Symptômes neurologiques

Les neurologues de trois hôpitaux chinois ont récemment analysé les données se rapportant à 214 personnes dont le cas de COVID-19 avait été confirmé par un test de laboratoire. Ces patients ont été évalués afin de détecter d’autres problèmes neurologiques éventuels. Les médecins ont trouvé que 36 % de ces personnes éprouvaient des symptômes qui incluaient au moins un des suivants :

  • étourdissements
  • maux de tête
  • diminution du sens du goût
  • diminution du sens de l’odorat
  • douleurs nerveuses
  • faiblesse musculaire (explication ci-dessous)

Les symptômes de ce genre étaient plus probables chez les personnes souffrant d’un cas grave de COVID-19.

Selon les médecins, « La plupart des manifestations neurologiques se sont produites tôt dans le cours de la maladie ».

Certains de ces patients ont cherché du secours médical à cause d’un AVC ou d’une crise de nature épileptique; dans un premier temps, ils n’avaient pas ce que les médecins auraient décrit comme des symptômes typiques de la COVID-19 (fièvre, toux, perte de l’appétit, diarrhée).

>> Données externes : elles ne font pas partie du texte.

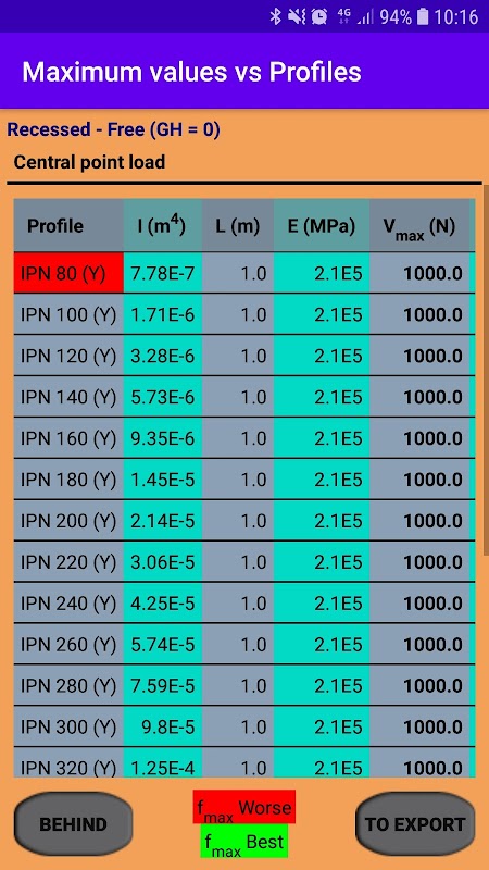 b) Tabla comparativa para diferentes perfiles de una familia con mismos apoyos y cargas.
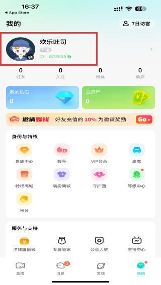 4、登錄成功后,會自動跳轉(zhuǎn)至個(gè)人頁面內(nèi),在此頁面內(nèi)可查看用戶昵稱與頭像。
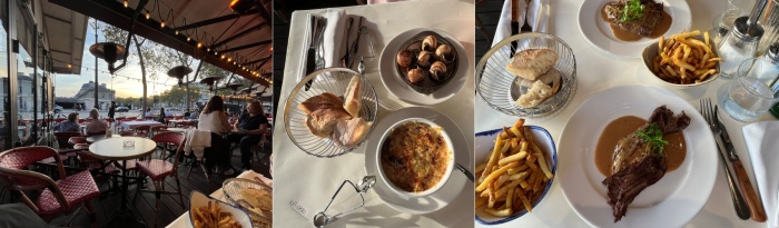 이제 파리 시티 투어를 마무리하고 석양이 보이는 테라스가 있는 멋진 분위기의 식당에서 저녁식사를 했습니다. 말로만 듣던 달팽이 요리 에스카르고(Escargot) 와 양파 수프(Onion Soup)를 애피타이저로 먹고, 메인으로는 소고기 스테이크를 먹었습니다. 앞으로 저희는 먼 길을 가야 하니 든든하게 먹었습니다.ㅎㅎ 스테이크는 평범했지만, 달팽이 요리와 양파 수프는 꼭 한번 드셔보시길 추천합니다. 웬만한 식당엔 위 요리는 다 있을 겁니다. 맛있었습니다.
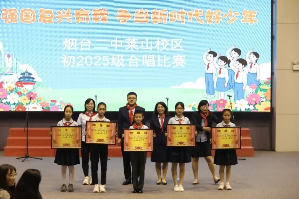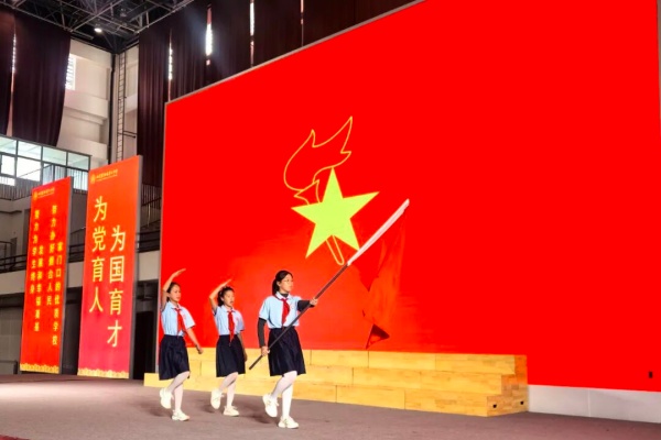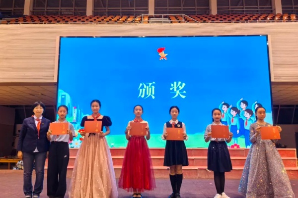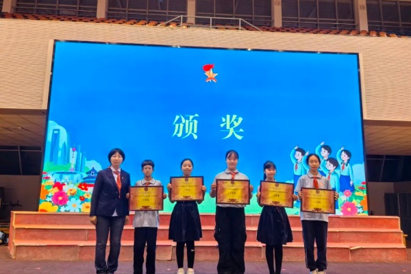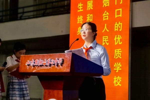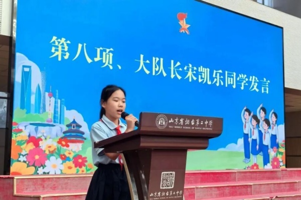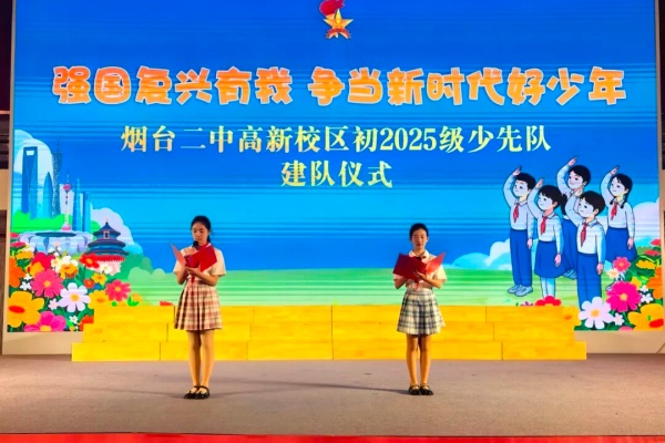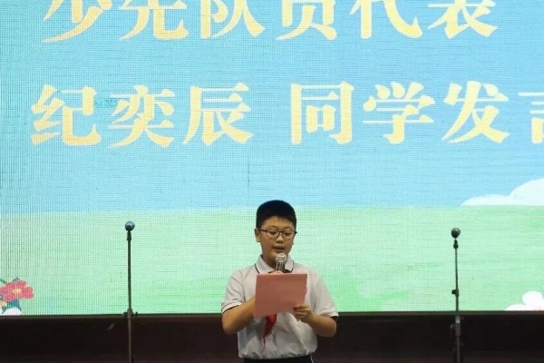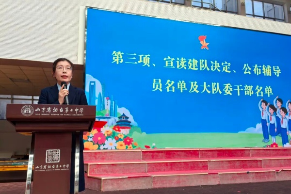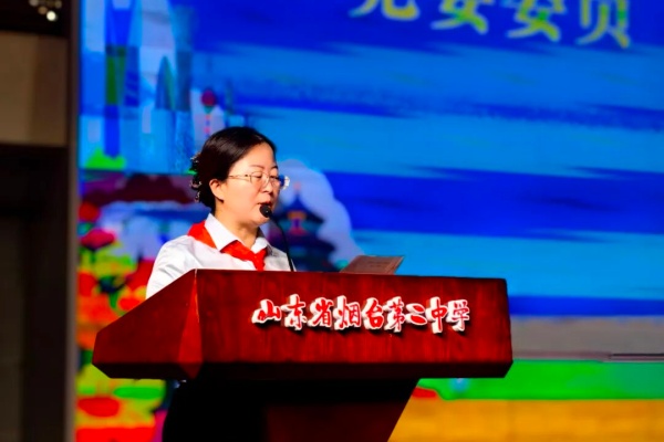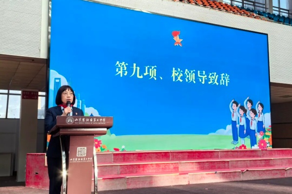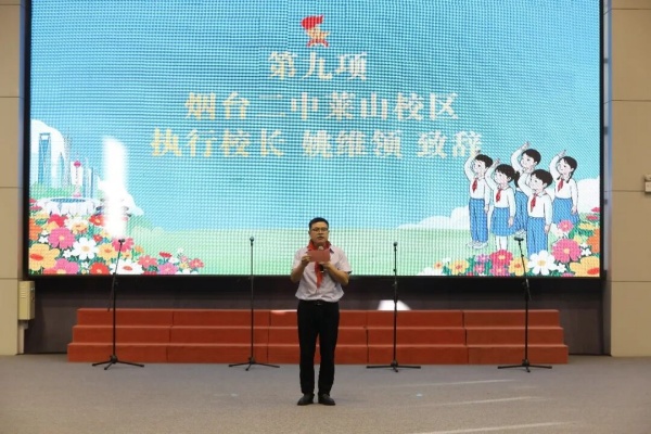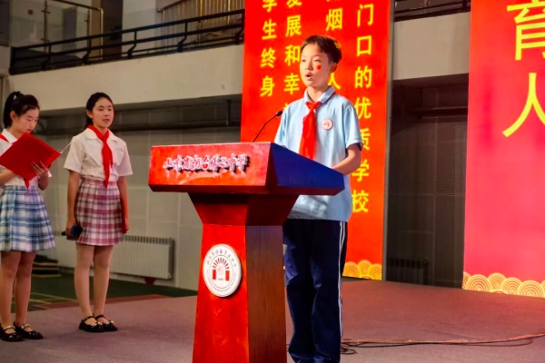 党委委员、纪委书记姚维领,党委委员曾庆静,芝罘校区初中教学工作负责人邵华进行致辞,他们勉励少先队员们传承红色基因,树立远大理想,争做担当民族复兴大任的时代新人。
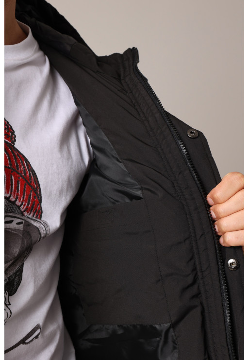 Sa coupe droite offre une silhouette structurée, tandis que les empiècements contrastés aux reflets légèrement satinés apportent une touche technique et moderne. La capuche intégrée est doublée pour renforcer la protection contre le froid.
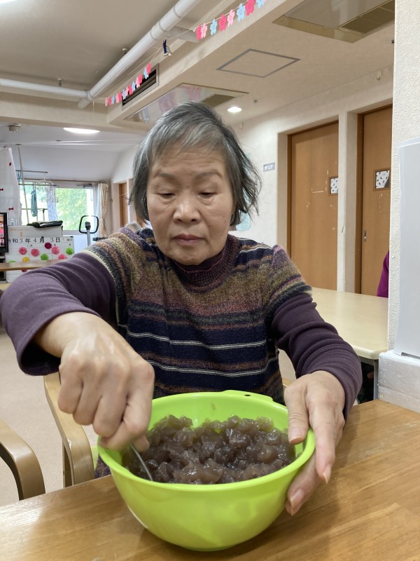 先日のおやつレクリエーションでお汁粉を
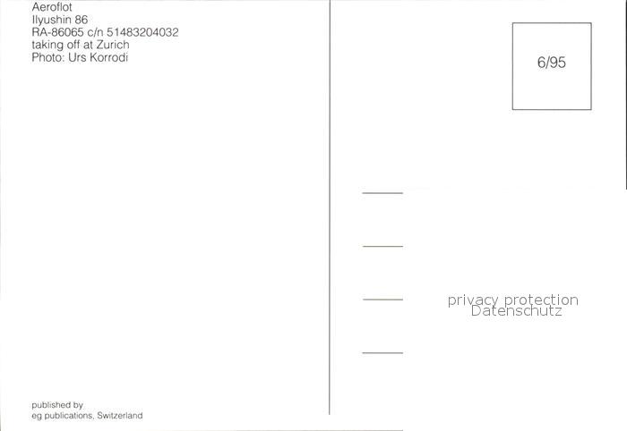 Flugzeuge Zivil Aeroflot Ilyushin 86 RA-86065 c/n 51483204032 postalisch nicht gelaufen Erhaltung siehe scans
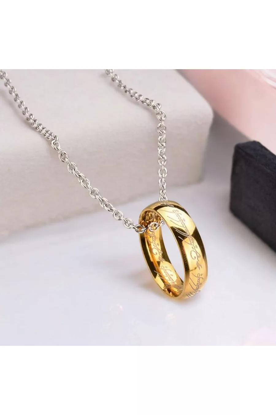 Lord Of The Rings Altın Kaplama Sırlar Yüzüğü Kolye Yüzüklerin Efendisi Frodo Yüzüğü % Çelik
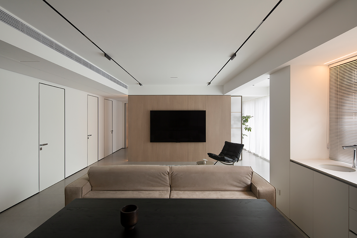 两扇隐藏在墙体里的口袋门,能够让书房在封闭与互通之间灵活切换。关闭口袋门,书房可以变为封闭的空间,以满足隐私需求。当书房开敞时,书房与客厅之间形成洄游动线,使得空间的互动性和联系性更强。

L’analyse des échantillons de sang de ces patients a révélé que plusieurs d’entre eux chez qui la COVID-19 était grave avaient des taux élevés de protéines associées à l’inflammation, y compris la protéine C-réactive, le D-dimère, les enzymes hépatiques, etc.

Pour aider à contrôler l’activité des muscles, ceux-ci sont reliés au cerveau par de nombreux nerfs. Les personnes présentant des lésions musculaires associées à la COVID-19 avaient des taux élevés de l’enzyme créatine kinase dans leur sang. Il n’est pas clair si le virus infecte directement les cellules musculaires ou s’il leur nuit d’une autre manière.

Troubles du goût et de l’odorat

Des médecins de Milan, en Italie, ont interrogé 59 personnes atteintes de COVID-19 au sujet de leurs symptômes. Trente-quatre pour cent d’entre elles ont signalé « au moins un » trouble du goût ou de l’odorat. Chez 19 % des personnes, les deux troubles ont été rapportés. Les troubles du goût étaient plus courants avant l’hospitalisation, mais les deux sortes de troubles pouvaient survenir à une fréquence égale après l’hospitalisation.

Il est à noter que les troubles de l’odorat peuvent avoir d’autres causes, notamment les infections des sinus, et ne peuvent prouver à eux seuls qu’une personne a la COVID-19.

Comme ils étaient submergés par des cas de COVID-19, ces médecins italiens n’ont pas été en mesure de poursuivre leur évaluation des troubles du goût et de l’odorat. Leurs résultats mettent toutefois en évidence une conséquence intrigante de la COVID-19 qui se produit dans certains cas.